細かい野球を追求し悲願の甲子園へ 京都国際(京都)【後編】
夏の京都大会で4強、秋には初の近畿大会出場を決め、初の甲子園出場が手の届くところまで来ている京都国際。卒業生には曽根海成(広島)や清水陸哉(ソフトバンク)といったプロ野球選手がおり、有力選手を輩出する学校として近年、注目を集めている。後編では近畿大会終了後の取り組みについて迫っていく。
高い向上心と高い意識で初の聖地を目指す京都国際(京都)【前編】
高い向上心で更なるレベルアップへ
主将・上野響平
近畿大会を終えてからは実戦練習をほぼ毎日取り入れているという。「バントや走塁は日頃の鍛錬」と細かい野球を追求することで隙の無いチームを目指している。
その一方で実践から離れるこの時期は「わがままになっていい」と、個人の能力を高めることをひたすら重視。体が小さい選手が多いこともあり、この冬はウエイトトレーニングに力を入れる一方で、体の可動域を広げるために古武術や脳科学と運動学を融合したライフキネティックの動きを取り入れるなど、様々な工夫を凝らしている。

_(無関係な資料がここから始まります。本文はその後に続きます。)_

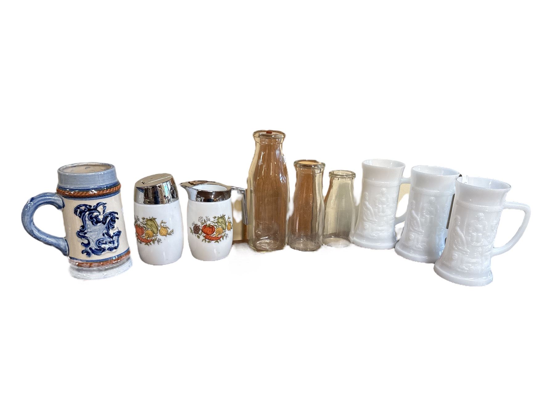 Milk Glass Steins, Sugar/Syrup Dispensers, Vintage Milk Bottles
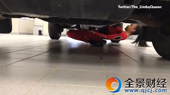 原标题:女王仰身穿车底 身体的柔韧性惊人
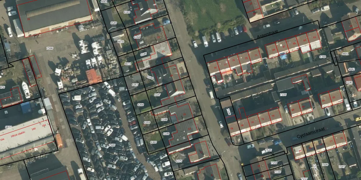 Gebruik de zoekbalk of klik op een perceel voor informatie over de adressen binnen dit perceel.

「高い意識を持って入ってくる子が増えてきました」と小牧監督が話すように、選手たちの向上心は高い。その代表格が主将の上野響平(2年)だ。プロ入りを目指して京都国際に入学してきた上野は1年春からショートのレギュラーを獲得。新チームでは主将となり、名実ともにチームを引っ張る立場となった。
責任ある立場になったことで「ちょっとずつ仲間を思う気持ちや引っ張る姿勢が身に付いてきた」と小牧監督も成長ぶりを認める。コンタクト能力の高い打撃と、捕ってからの早さが光る守備は必見。高卒でのプロ入りを目標としており、今後の活躍に期待が高まる。

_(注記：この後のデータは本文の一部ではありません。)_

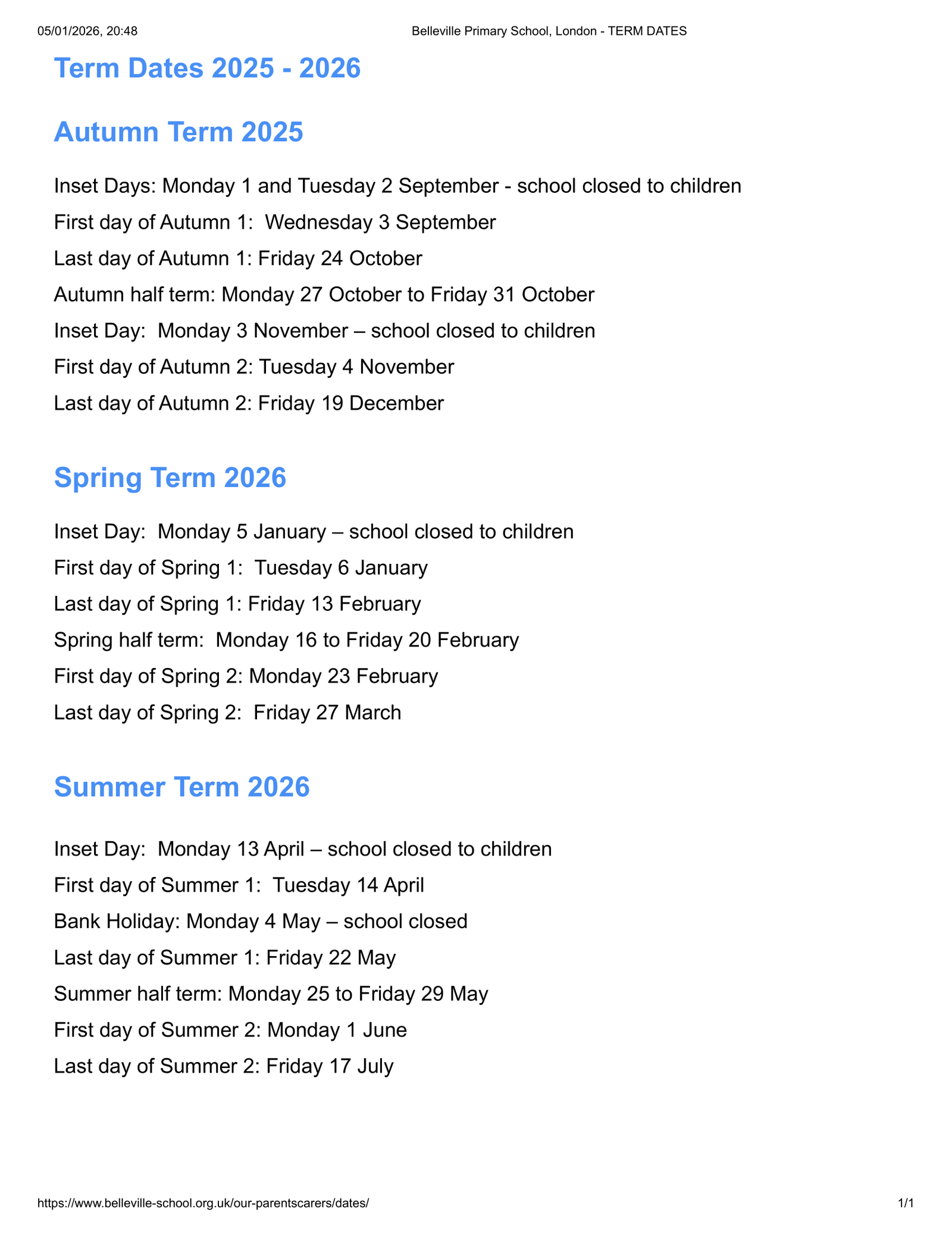 Belleville Primary School, London Term Dates 2025–2026

京都国際のストロングポイントは投手力だ。旧チームから主戦として活躍しているのが、緩急の使い方が上手い左腕の生駒拓也(2年)と近畿大会で141㎞を記録した本格派右腕の酒井海央(2年)の二人。彼らが試合を作ることで安定した戦いができている。
彼ら以外にも1年生の山口悠太や入海勇太が「冬を越せば生駒と酒井を抜くのではないか」と小牧監督が期待を寄せるほど成長が著しい。さらに秋はベンチ入りを逃した小野陸(2年)が今では最も調子がよく、140㎞に迫る球を投げているという。
そして投手への熱意をむき出しにしているのが秋に4番を打っていた早真之介だ。チーム屈指の打撃センスを買われて1年夏から外野手として出場しているが、本来は130㎞後半の速球を投げ込む本格派左腕。「投手がしたくて仕方がない」と現在は投手のメニューをこなしている。

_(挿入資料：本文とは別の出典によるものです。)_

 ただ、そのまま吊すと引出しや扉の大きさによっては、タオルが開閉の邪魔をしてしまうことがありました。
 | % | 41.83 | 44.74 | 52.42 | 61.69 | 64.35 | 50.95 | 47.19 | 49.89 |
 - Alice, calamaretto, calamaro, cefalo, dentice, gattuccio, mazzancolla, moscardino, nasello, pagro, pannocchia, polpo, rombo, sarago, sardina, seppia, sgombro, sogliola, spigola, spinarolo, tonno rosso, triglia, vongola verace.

「根っからの野球小僧」と小牧監督が評する早もプロ入りを目指す選手の一人。元から練習熱心な選手だったが、近畿大会では自らの失策で敗れたこともあり、悔しさを持って練習に取り組んでいるという。取材に訪れた日にも全体練習後に自主練習で外野ノックを受ける姿が見られた。
チーム一丸となって悲願の甲子園へ
左:有馬真大 右:西川晃成
投手力に自信がある一方で「例年に比べると打力はない」と小牧監督は打線に課題を残している。そんな中で期待されているのが圓谷颯太(2年)と釣寿生(1年)だ。彼らはチームでも屈指の長距離砲。守備面に不安があったため、秋は外れていたが、彼らがスタメンに加われば一気に得点力が増す。
特に釣はプロも狙えるほどの逸材と小牧監督は評価する。捕手を務める釣は捕手としての頭脳を徹底的に鍛えている真っ最中。彼が打てる捕手として活躍できればプロのスカウトも放ってはおかないはずだ。
さらに京都国際には他にはない武器がある。それがランナーコーチの有馬真大(2年)と西川晃成(2年)だ。彼らは1年秋から不動のランナーコーチでチームに刺激を与える存在だ。
特に三塁ランナーコーチの有馬は声で名門校から特待生の誘いが来たというほど、声で存在感を発揮している選手で「有馬の声で救われたこともある」と小牧監督も絶大な信頼を置いている。彼らの声にもぜひ注目してもらいたい。
夏、秋と甲子園が目前に迫りながら惜しくも届かなかった京都国際。高い向上心を持って取り組んでいる選手たちの姿を見ていると、甲子園初出場もそう遠くないように感じる。悲願の甲子園出場に向けて熱意を燃やす彼らの戦いぶりに注目だ。